Vegetable Dhansak

Dhansak is a very popular Parsi dish. I made a vegetarian version of this after compiling the steps from Sanjeev Kapoor’s website and few others. I had lot of red pumpkin at home and did not know what to cook with them, then I stumbled upon this recipe and decided to try it. It is a recipe with blended dhal and veggies which has amazing aroma and taste from the dhansak powder. I like to serve this with hot rice and ghee.
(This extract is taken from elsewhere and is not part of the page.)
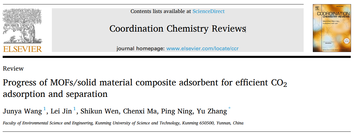 昆明理工大学环境科学与工程学院宁平教授、王君雅教授团队在MOFs复合吸附剂用于高效CO2吸附分离领域取得重要进展,相关成果以“Progress of MOFs/solid material composite adsorbent for efficient CO2 adsorption and separation”为题,发表在材料科学领域期刊《Coordination Chemistry Reviews》上,IF=23.5。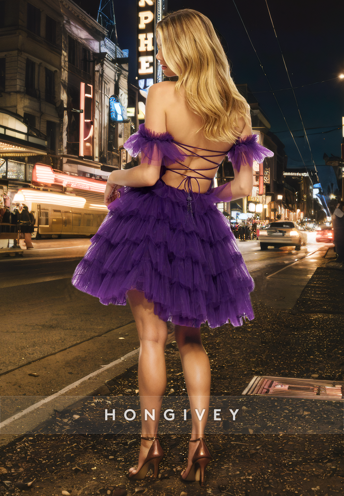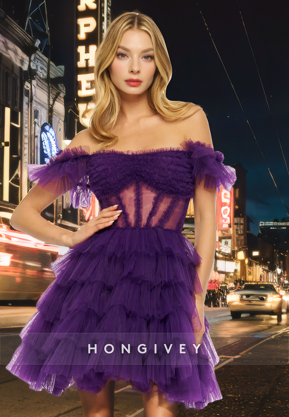 Off-Shoulder Tulle A-Line Illusion Empire Short Party Homecoming Dress

This goes well with roti as well..




ghee 4 tsp
onion 1 thinly chopped
ginger 1 tsp chopped
garlic 1 tsp chopped
peppercorns 6 seeds
green chilly 2
red chilly powder 1/2 tsp
toor dhal 1 cup
masoor dhal 2 tbsp
pumpkin cubed 2 cups
brinjal 3 small (optional)
kasoori methi 1 tsp
coriander leaves 1/2 bunch
pudina leaves 1/2 bunch
lime juice 1/2 lime
salt to taste

for dhansak powder
chakke 1/2 inch
clove 2
bay leaf 1 small
poppy seeds 1/2 tsp
jeera powder 1 tsp
dhaniya powder 1 tsp
pomogranate powder 1 tsp
coriander seeds 1 tsp
methi seeds 1/2 tsp


for dhansak powder
Make a fine powder of all the ingredients listed for dhansak powder

for dhal preparation
Wash and soak toovar dhal and masoor dhal for half an hour in two cups of hot water.
Wash and chop mint leaves and coriander leaves separately.
Heat ghee in a pan, add sliced onions and sauté.
Add chopped ginger and garlic and sauté for three to four minutes.
Add peppercorns, green chillies, turmeric powder and red chilli powder and mix.
Add toovar dhal, masoor dhal and mix.
Add pumpkin, brinjal, salt and three cups of water.
Bring to a boil and cook for ten minutes.
Add mint leaves, coriander, stir and cook for ten minutes.
Switch off the heat.
Add kasoori methi, dhansak masala and lemon juice.
Mash the mixture in a blender/hand blender.
Adjust consistency by adding water.
Sprinkle chopped coriander leaves and cook for a further five minutes.
Enjoy the dhansak with hot rice and ghee.